Transient Analysis of Natural Convection around a Pair of Circular Cylinders inside a Square Enclosure

Heat exchangers are widely used in various transportation, industrial, or domestic applications such as thermal power plants, means of heating, transporting and air conditioning systems, electronic equipment and space vehicles. In all these applications improvements in the efficiency of the heat exchangers can lead to substantial cost, space and material savings. Hence considerable research work has been done in the past to seek effective ways to improve the efficiency of heat exchangers. In this paper the effect of natural convection is justified between exterior solid wall surfaces and the surrounding air inside the enclosure. Designing of electronic devices, heavy industrial equipments such as boilers, turbines etc. and building aerodynamics are some of the real world application associated with this study. The referred investigation includes the phenomenon of natural convection process to analyses the pattern of heat transfer characteristics inside a square enclosure with two circular cylinders placed at different position inside it. Maximum heat exchange zones are identified so that goal of effective heat transfer can be achieved which helps the heat exchangers to work efficiently at every condition. However, in the present work only unsteady state natural convection technique has been considered. The study of unsteady state natural convection in a square enclosure with conjugate boundary condition is done numerically. The analysis is performed on a square enclosure within which are placed two circular cylinders eccentrically. The enclosure walls are maintained at low temperature to that of cylinders such that a temperature difference is maintained between both the bodies.
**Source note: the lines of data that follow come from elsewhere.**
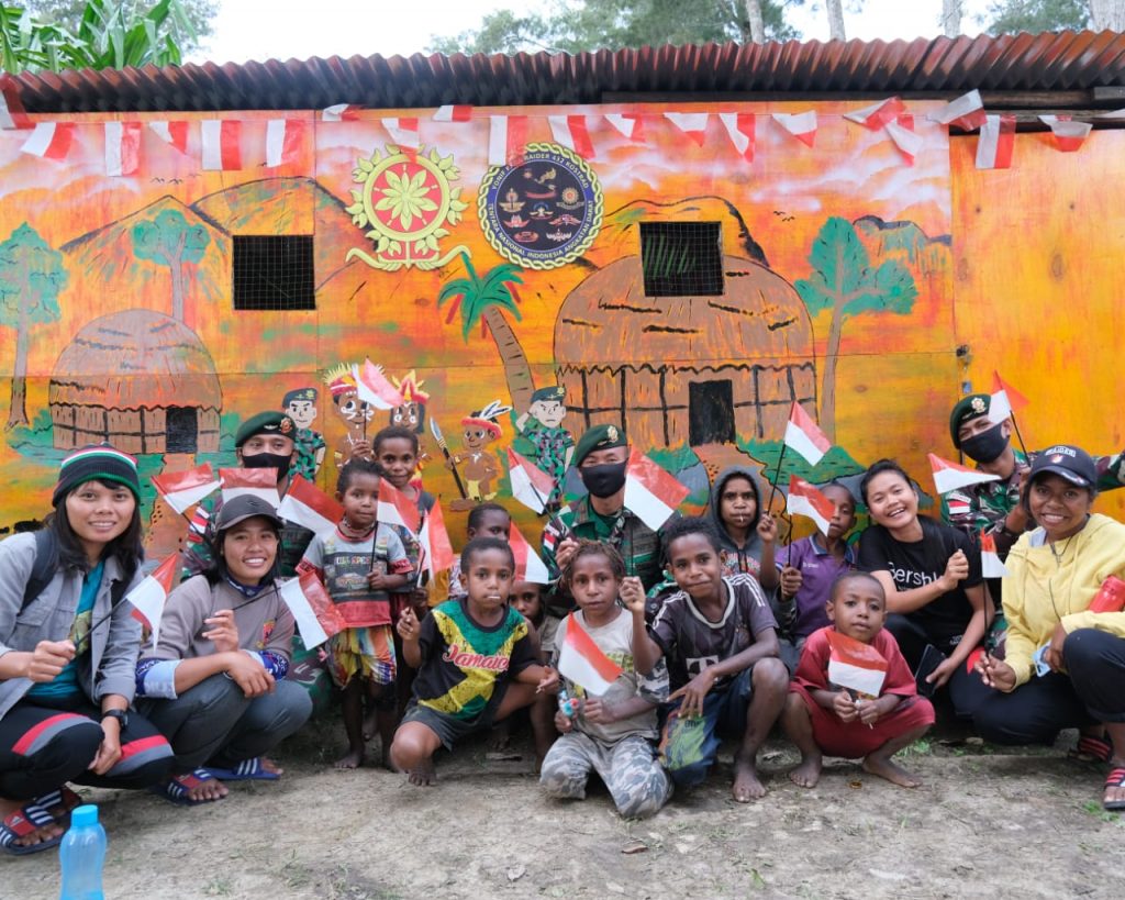 Berawal dari rumah kosong yang tidak terpakai, Satgas Yonif Para Raider 432 Kostrad memperbaiki dan menghiasi tempat tersebut sehingga nyaman digunakan anak-anak untuk tempat belajar dan bermain. Distrik Kurulu, Kab. Jayawijaya, Prov. Papua (23/02/2021)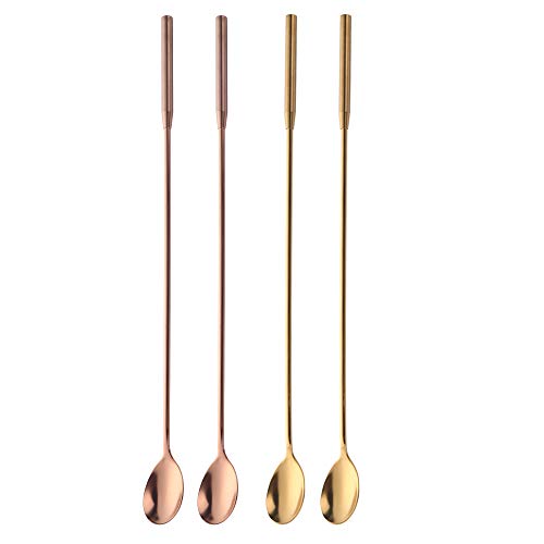 Do Buy Cucchiaio a Manico Lungo Cucchiaio da Cocktail 306mm Cucchiaio da Bar Acciaio Inossidabile 4 Pezzi per stratificazione Macchiato da longdrink Bicchieri Alti Espresso, 2 d'oro + 2 Oro Rosa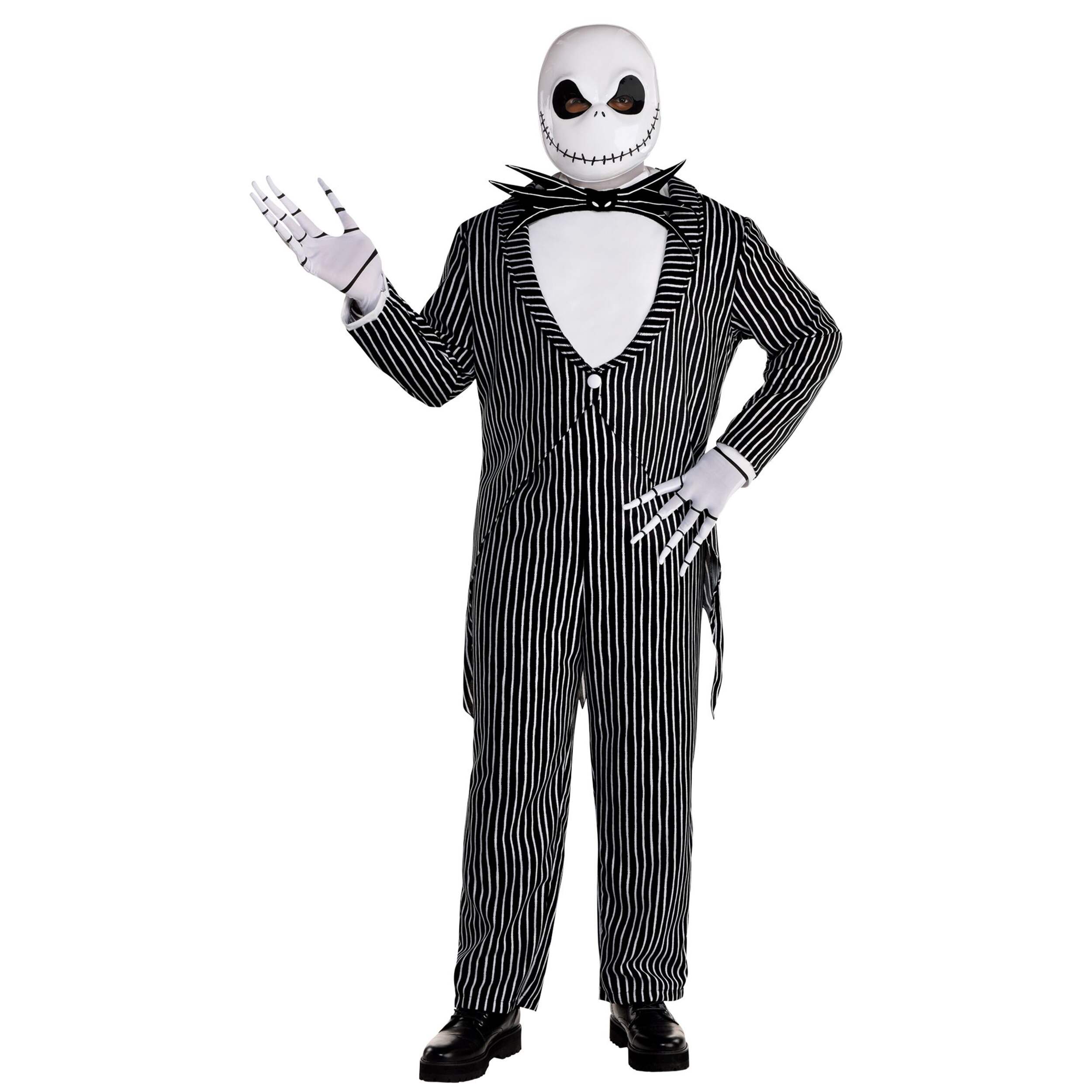 Transform into the Pumpkin King with the Adult Jack Skellington Halloween Costume. This deluxe adult costume includes a black and white pinstripe suit costume, complete with a tailcoat jacket costume and matching trousers. The solid white ascot and oversized bat bowtie add the perfect finishing touches, while the molded Jack mask ensures an authentic look.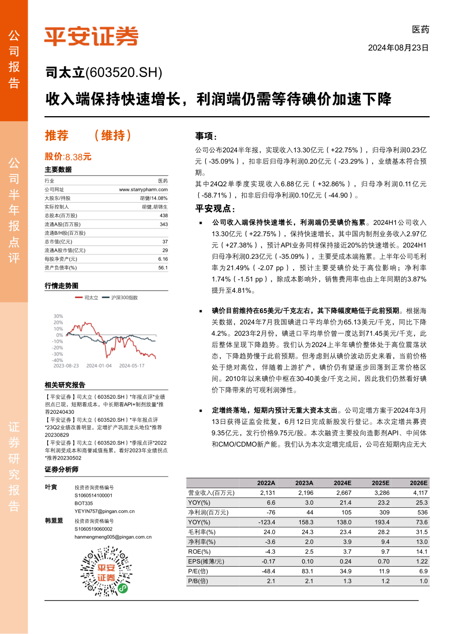 司太立2024年上半年收入端保持快速增长,但利润端受到高位碘价的拖累。公司定增落地,将有助于未来产能扩张和业务发展。尽管下调了盈利预测,但平安证券仍然看好公司长期发展,维持“推荐”评级。投资者需要关注碘价波动、EU-GMP认证进度以及国内制剂放量情况等风险因素。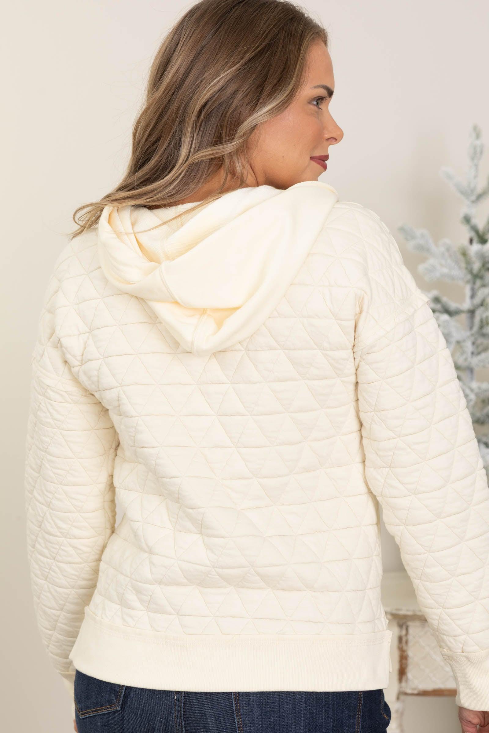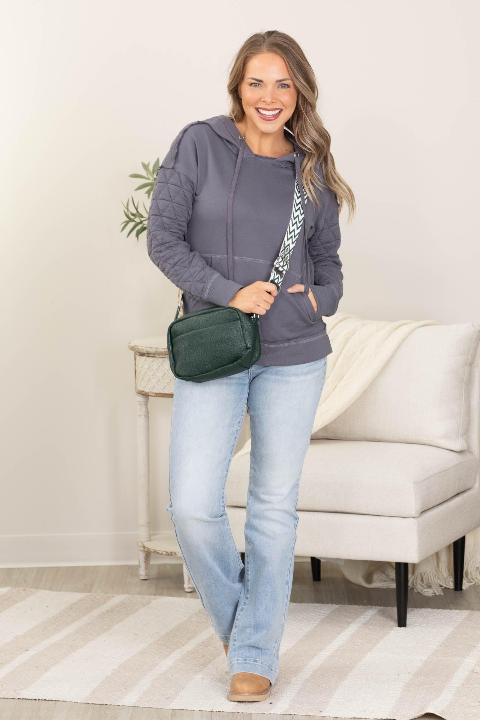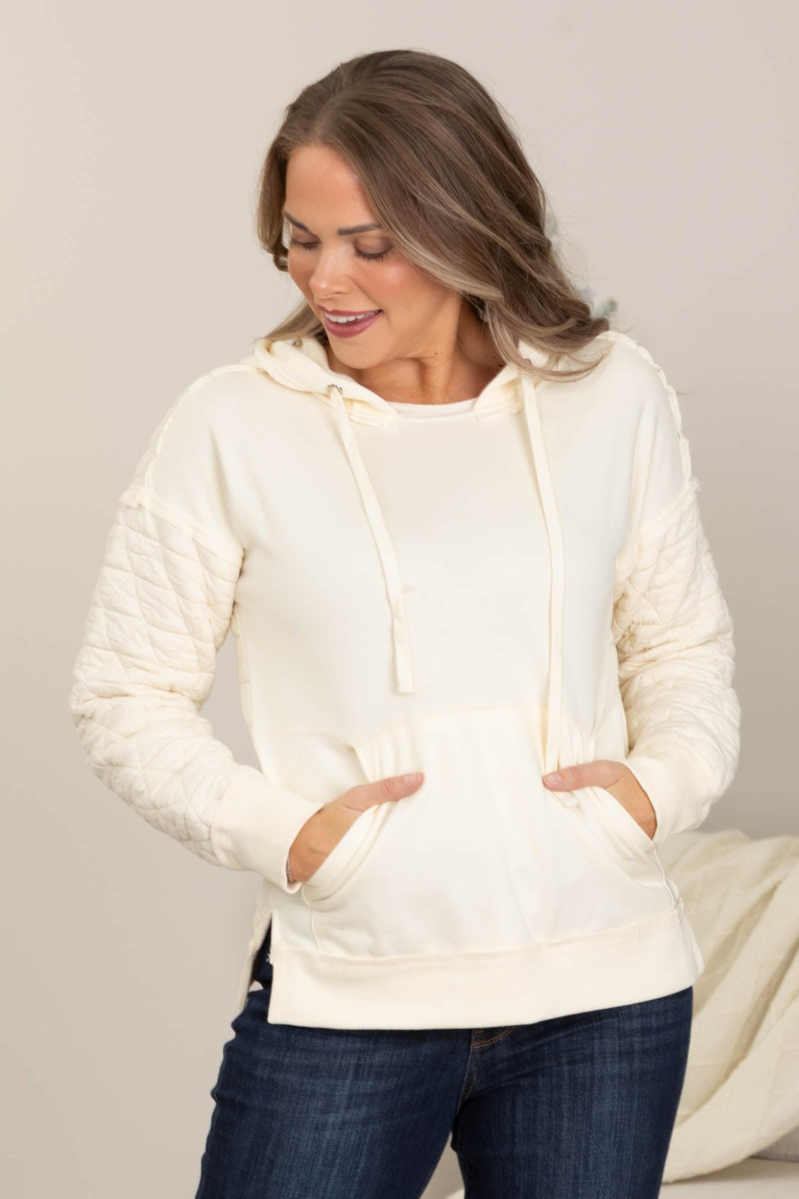 Product Details Colors: Charcoal/ Cream Print: Solid Neckline: Round With Hood Sleeve: Long Sleeve Hemline: Straight Brand: Staccato Material and Care Self: 79% Polyester 21% Cotton Contrast: 100% Cotton Hand Wash Cold Hang/ Line Dry Size and Fit Small: Bust 38" Waist 36" Length 24" Medium: Bust 40" Waist 38" Length 24.5" Large: Bust 42" Waist 40" Length 25" X Large: Bust 44" Waist 42" Length 25.5" Erica is 5’7” and wearing her true size small, but would prefer a medium for a more relaxed fit

The cylinders are tilted at different angles inside the enclosure. A transient state 2-D numerical investigation is conveyed for air as an enclosed fluid. The Rayleigh number is varied in the range of 10³ to 10⁶ and the results are summarized in a relative manner. The value of Prandtl number is kept constant i.e. 0.71 corresponding to that of the air. The effect of orientation of the two cylinders and the outcome of the variation of Rayleigh number is calculated with the help of corresponding streamlines, and temperature distribution.